## PROBLEM REQUIREMENTS
Please print the listing that follows word for word, but skip any pictures it holds.

## DATA EXTRACT
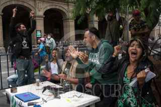 CIUDAD DE MÉXICO, 28JUNIO2021.- Ciudadanos consumidores de la cannabis celebraron la declaratoria de inconstitucionalidad sobre la prohibición del uso lúdico y recreativo de la marihuana en la Suprema Corte de Justicia de la Nación. El proyecto propone eliminar de la Ley General de Salud a la mariguana como droga ilícita y privilegiar el derecho a decidir de las personas alcanzó mayoría calificada en su votación, al obtener 8 votos de los 11 ministros del Pleno de la Corte. Desde el día de ayer integrantes del Plantón 4:20, que está instalado en el Senado desde hace más de un año, se trasladaron frente al recinto de la SCJN para seguir de cerca la sesión. Entre los presentes estuvo José Rivera, presidente del Movimiento Cannábico Mexicano, junto con su familia, quienes celebraron junto con amigos tras escuchar la resolución del máximo tribunal del país. FOTO: MOISÉS PABLO/CUARTOSCURO.COM
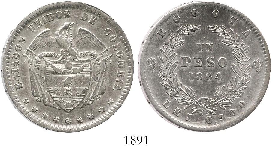 Bogota, Colombia, peso, 1864. R-315.3; KM-139.1. 24.9 grams. AXF, lustrous from light cleaning, slightly crude rims (as made). Pedigreed to the Norweb and Herman Blanton collections.
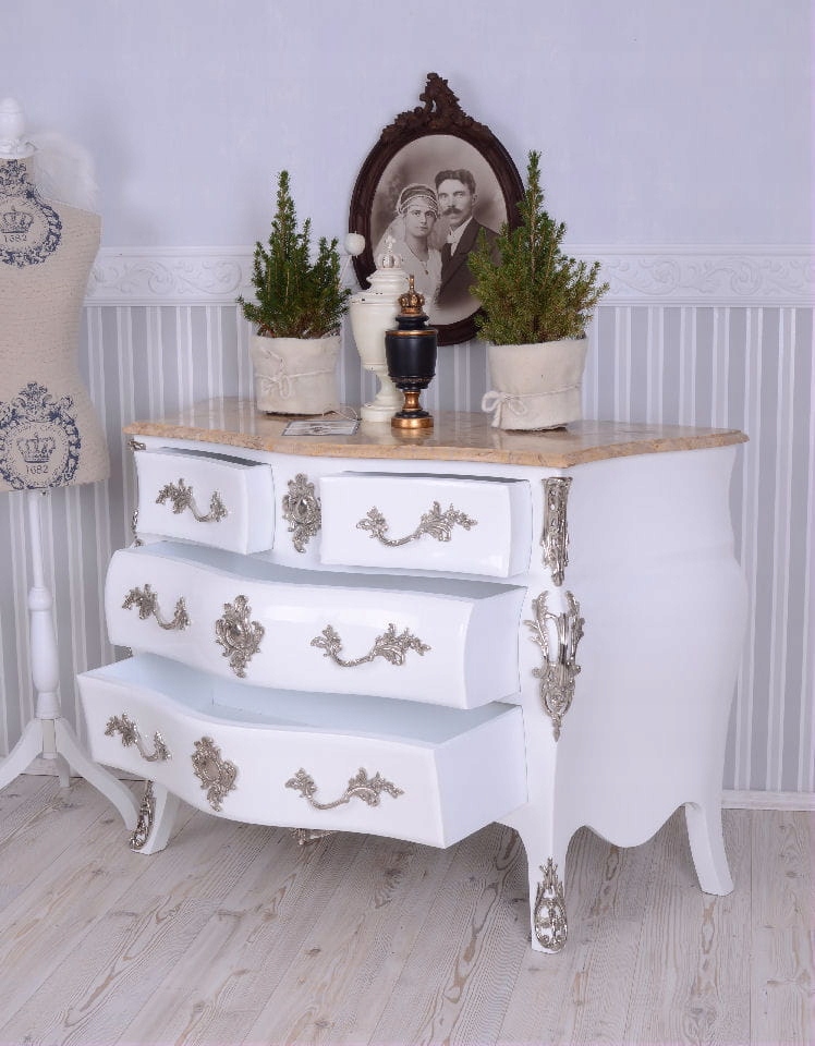 Antiques24 - Ludwikowska Biała комод із срібними прикрасами в стилі гламуру!
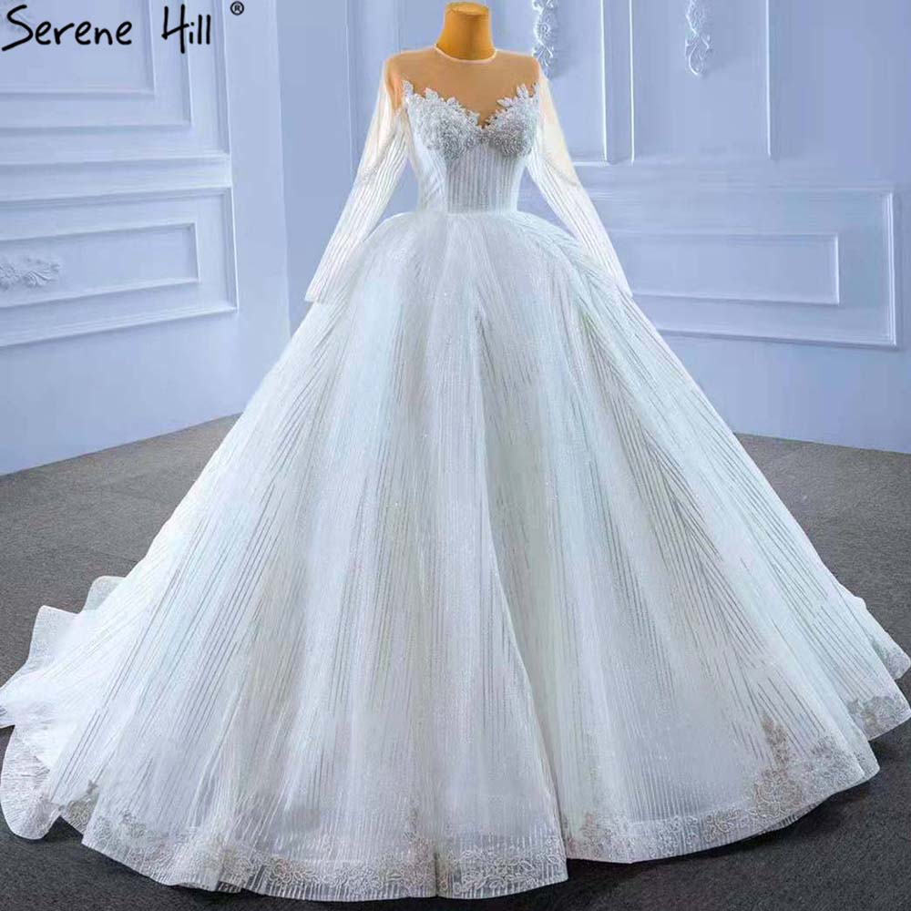 Vestidos de novia musulmanes blancos de lujo 2025 con cuentas y cordones, vestidos de novia de alta gama HM67388, hechos a medida
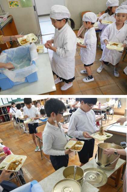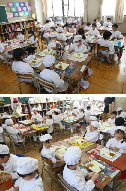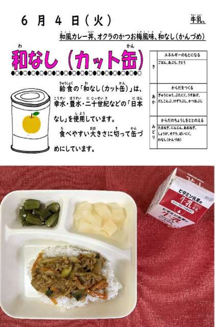 今日の献立は、和風カレー丼、オクラのかつお梅風味、和なし(缶)、牛乳でした。カレー丼はみんな大好きです。
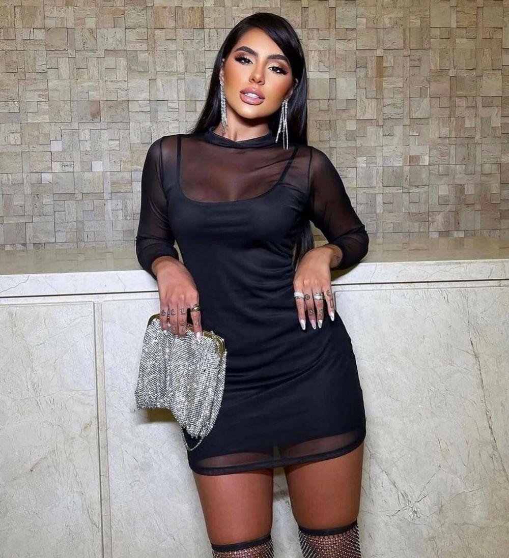 Vestido no tecido tule, com elastano, acompanha vestido de alcinha pra usar por baixo, não possui bojo.
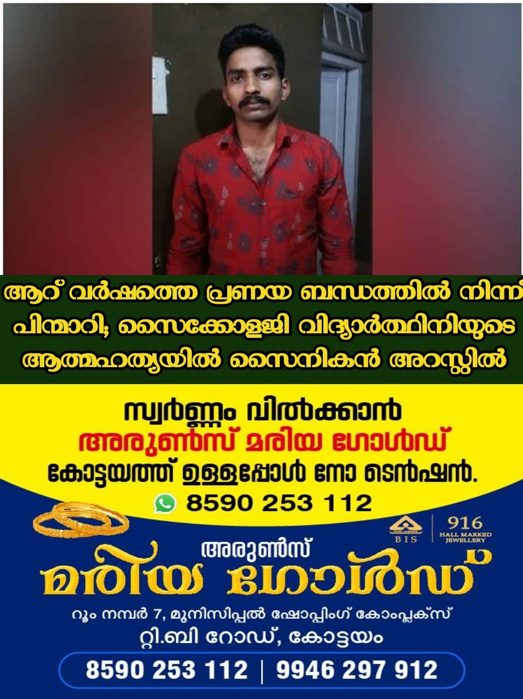 കൊല്ലം: ആറ് വർഷത്തെ പ്രണയ ബന്ധത്തിൽ നിന്ന് പിന്മാറിയതിന്റെ മനോവിഷമത്തിൽ കോട്ടത്തല സ്വദേശിയും എംഎ സൈക്കോളജി വിദ്യാർത്ഥിനിയുമായ വൃന്ദ രാജിന്റെ ആത്മഹത്യയിൽ കാമുകനും സൈനികനുമായ പ്രതി പിടിയിൽ.
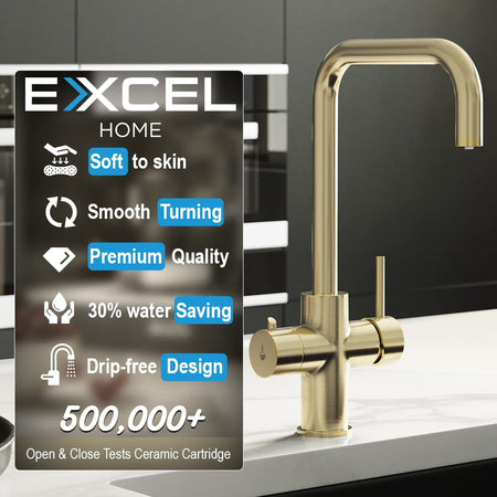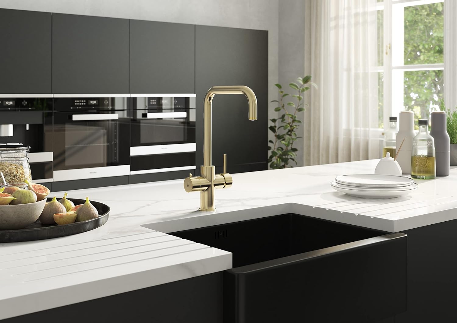 Boiling Water Tap, 2.4L Boiler Unit & Carbon Water Filter - 3 in 1 Instant Hot Water Tap (Brushed Brass)
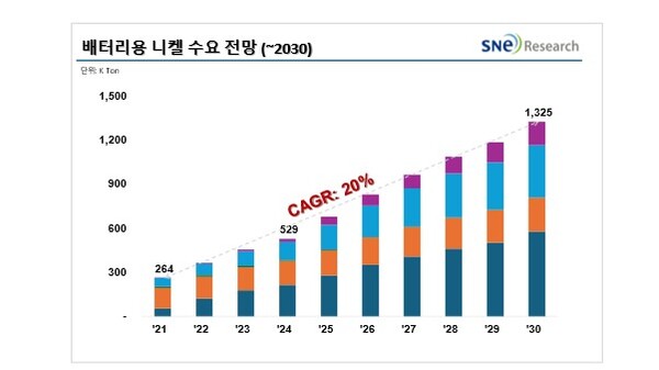 시장조사 업체 SNE리서치는 '2024 Battery nickel metal report(~2030)'를 통해 배터리 생산에 사용되는 니켈의 수요가 2024년 53만 톤에서 2030년 133만 톤으로 늘어날 것이라고 28일 예측했다.
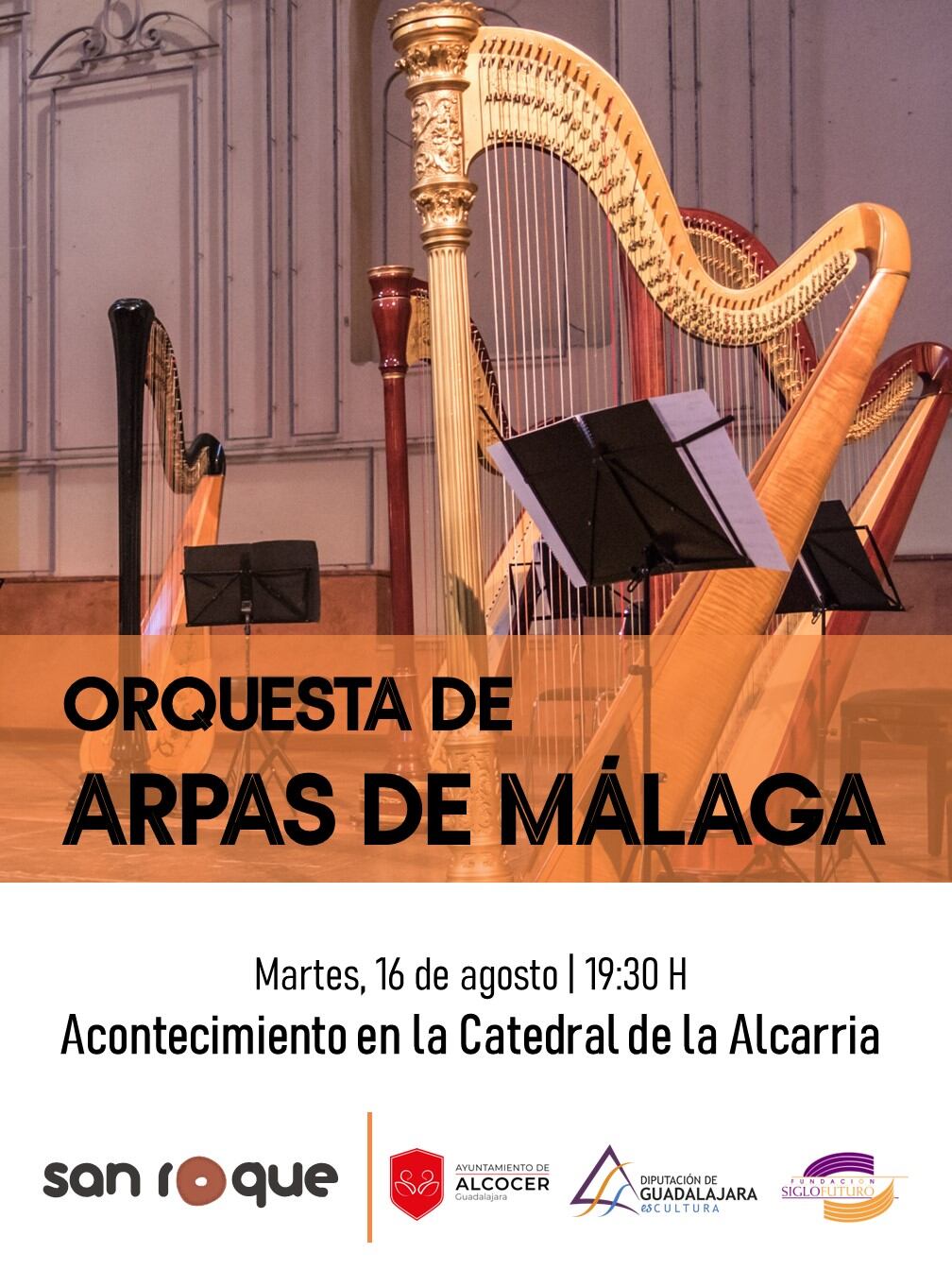 Con motivo de la celebración de la festividad de San Roque, hoy la Catedral de la Alcarria en el municipio de Alcocer va a acoger el concierto de la Orquesta de Arpas de Málaga. Una actuación que va a ser posible gracias a la Fundación Siglo Futuro con su programa "Cultura en ruta" en colaboración con la Diputación provincial, además del ayuntamiento del municipio.
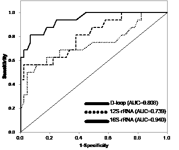 Figure 4: ROC curves and AUC for the D-loop, 12S-rRNA, and 16S-rRNA. To evaluate the diagnostic relevance for predicting the r/m of serum mutant mtDNAs, we used the ROC curve by plotting sensitivity versus specificity. The AUCs for mutant mtDNAs are 0.808 for the D-loop, 0.739 for the 12S-rRNA, and 0.940 for the 16S-rRNA, indicating that the diagnostic potential of the level of serum mutant mtDNA 4 weeks after surgery is confirmed as indicated by the AUC values for the different regions examined. The thinner solid line indicates the diagonal representing a hypothetical test with no diagnostic discrimination. The statistical significance of the study data was determined using the Mann-Whitney U test. P<0.05 was considered significant. Data are expressed as the mean ± standard error of the mean. Statistical analyses were performed using SPSS 17.0 software (SPSS Inc., Chicago, IL, USA).
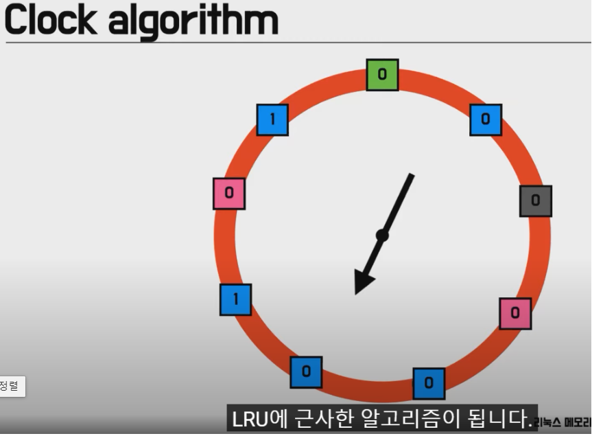 - 각 page마다 상태 bit0, 1을 가지고 교체되면 한바퀴 돌면서 1은 0으로 0은 교체 대상이 되는 알고리즘
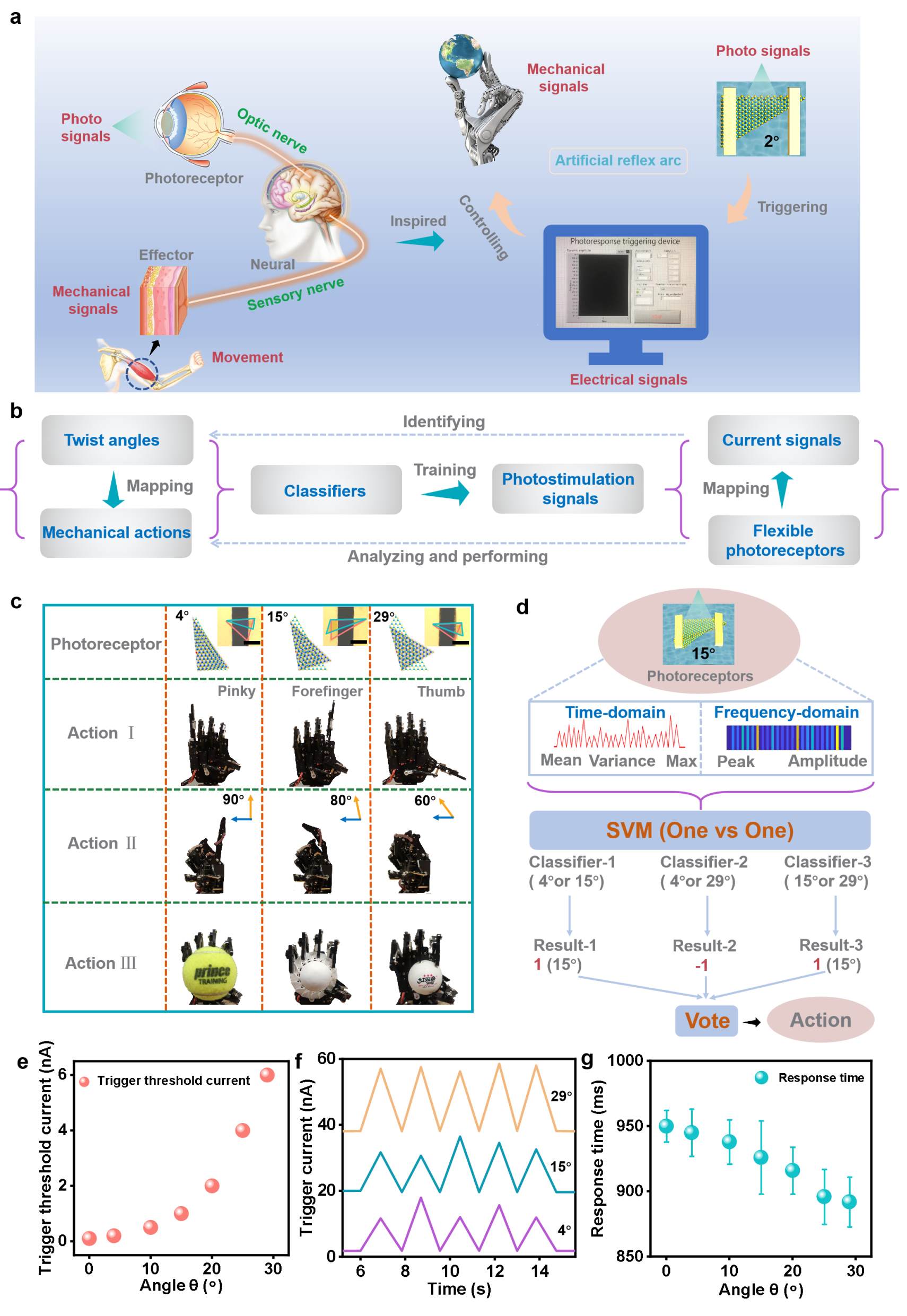 图2:基于光刺激运动的人工反射弧。 a)受生物反射弧启发的人工反射弧示意图。具有不同扭转角度的折叠双层MoS2作为光感受器的通道,结合LabVIEW、Arduino和机械手驱动器,完成信号的传输、机械手的转换和驱动。机械手的规则运动显示了光信号向机械信号的转换。b)基于光感受器、光电信号和机械动作的机器学习过程。c)柔性基板上不同扭转角度(4°、15°、29°)的光感受器,以及相应的机械动作模式(动作Ⅰ:不同手势;动作Ⅱ:食指弯曲;动作Ⅲ:机械夹持)。d)通过光触发信号产生的电流信号来识别不同扭曲角度的光感受器的机器学习。e)触发阈值电流与光感受器扭转角的函数关系。f)4°、15°及29°的光感受器随时间变化的触发电流。g)响应时间与光感受器扭转角的函数关系。
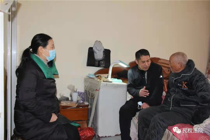 1月21日上午,民权县人民法院党组成员、政治部主任赵昌见一行,受院党组书记、院长邢宝书委托,先后看望慰问了离休老干部林景高、王振海,祝他们身体健康,节日愉快。

## OUTPUT OF THE TASK
 CIUDAD DE MÉXICO, 28JUNIO2021.- Ciudadanos consumidores de la cannabis celebraron la declaratoria de inconstitucionalidad sobre la prohibición del uso lúdico y recreativo de la marihuana en la Suprema Corte de Justicia de la Nación. El proyecto propone eliminar de la Ley General de Salud a la mariguana como droga ilícita y privilegiar el derecho a decidir de las personas alcanzó mayoría calificada en su votación, al obtener 8 votos de los 11 ministros del Pleno de la Corte. Desde el día de ayer integrantes del Plantón 4:20, que está instalado en el Senado desde hace más de un año, se trasladaron frente al recinto de la SCJN para seguir de cerca la sesión. Entre los presentes estuvo José Rivera, presidente del Movimiento Cannábico Mexicano, junto con su familia, quienes celebraron junto con amigos tras escuchar la resolución del máximo tribunal del país. FOTO: MOISÉS PABLO/CUARTOSCURO.COM
 Bogota, Colombia, peso, 1864. R-315.3; KM-139.1. 24.9 grams. AXF, lustrous from light cleaning, slightly crude rims (as made). Pedigreed to the Norweb and Herman Blanton collections.
 Antiques24 - Ludwikowska Biała комод із срібними прикрасами в стилі гламуру!
 Vestidos de novia musulmanes blancos de lujo 2025 con cuentas y cordones, vestidos de novia de alta gama HM67388, hechos a medida
 今日の献立は、和風カレー丼、オクラのかつお梅風味、和なし(缶)、牛乳でした。カレー丼はみんな大好きです。
 Vestido no tecido tule, com elastano, acompanha vestido de alcinha pra usar por baixo, não possui bojo.
 കൊല്ലം: ആറ് വർഷത്തെ പ്രണയ ബന്ധത്തിൽ നിന്ന് പിന്മാറിയതിന്റെ മനോവിഷമത്തിൽ കോട്ടത്തല സ്വദേശിയും എംഎ സൈക്കോളജി വിദ്യാർത്ഥിനിയുമായ വൃന്ദ രാജിന്റെ ആത്മഹത്യയിൽ കാമുകനും സൈനികനുമായ പ്രതി പിടിയിൽ.
 Boiling Water Tap, 2.4L Boiler Unit & Carbon Water Filter - 3 in 1 Instant Hot Water Tap (Brushed Brass)
 시장조사 업체 SNE리서치는 '2024 Battery nickel metal report(~2030)'를 통해 배터리 생산에 사용되는 니켈의 수요가 2024년 53만 톤에서 2030년 133만 톤으로 늘어날 것이라고 28일 예측했다.
 Con motivo de la celebración de la festividad de San Roque, hoy la Catedral de la Alcarria en el municipio de Alcocer va a acoger el concierto de la Orquesta de Arpas de Málaga. Una actuación que va a ser posible gracias a la Fundación Siglo Futuro con su programa "Cultura en ruta" en colaboración con la Diputación provincial, además del ayuntamiento del municipio.
 Figure 4: ROC curves and AUC for the D-loop, 12S-rRNA, and 16S-rRNA. To evaluate the diagnostic relevance for predicting the r/m of serum mutant mtDNAs, we used the ROC curve by plotting sensitivity versus specificity. The AUCs for mutant mtDNAs are 0.808 for the D-loop, 0.739 for the 12S-rRNA, and 0.940 for the 16S-rRNA, indicating that the diagnostic potential of the level of serum mutant mtDNA 4 weeks after surgery is confirmed as indicated by the AUC values for the different regions examined. The thinner solid line indicates the diagonal representing a hypothetical test with no diagnostic discrimination. The statistical significance of the study data was determined using the Mann-Whitney U test. P<0.05 was considered significant. Data are expressed as the mean ± standard error of the mean. Statistical analyses were performed using SPSS 17.0 software (SPSS Inc., Chicago, IL, USA).
 - 각 page마다 상태 bit0, 1을 가지고 교체되면 한바퀴 돌면서 1은 0으로 0은 교체 대상이 되는 알고리즘
 图2:基于光刺激运动的人工反射弧。 a)受生物反射弧启发的人工反射弧示意图。具有不同扭转角度的折叠双层MoS2作为光感受器的通道,结合LabVIEW、Arduino和机械手驱动器,完成信号的传输、机械手的转换和驱动。机械手的规则运动显示了光信号向机械信号的转换。b)基于光感受器、光电信号和机械动作的机器学习过程。c)柔性基板上不同扭转角度(4°、15°、29°)的光感受器,以及相应的机械动作模式(动作Ⅰ:不同手势;动作Ⅱ:食指弯曲;动作Ⅲ:机械夹持)。d)通过光触发信号产生的电流信号来识别不同扭曲角度的光感受器的机器学习。e)触发阈值电流与光感受器扭转角的函数关系。f)4°、15°及29°的光感受器随时间变化的触发电流。g)响应时间与光感受器扭转角的函数关系。
 1月21日上午,民权县人民法院党组成员、政治部主任赵昌见一行,受院党组书记、院长邢宝书委托,先后看望慰问了离休老干部林景高、王振海,祝他们身体健康,节日愉快。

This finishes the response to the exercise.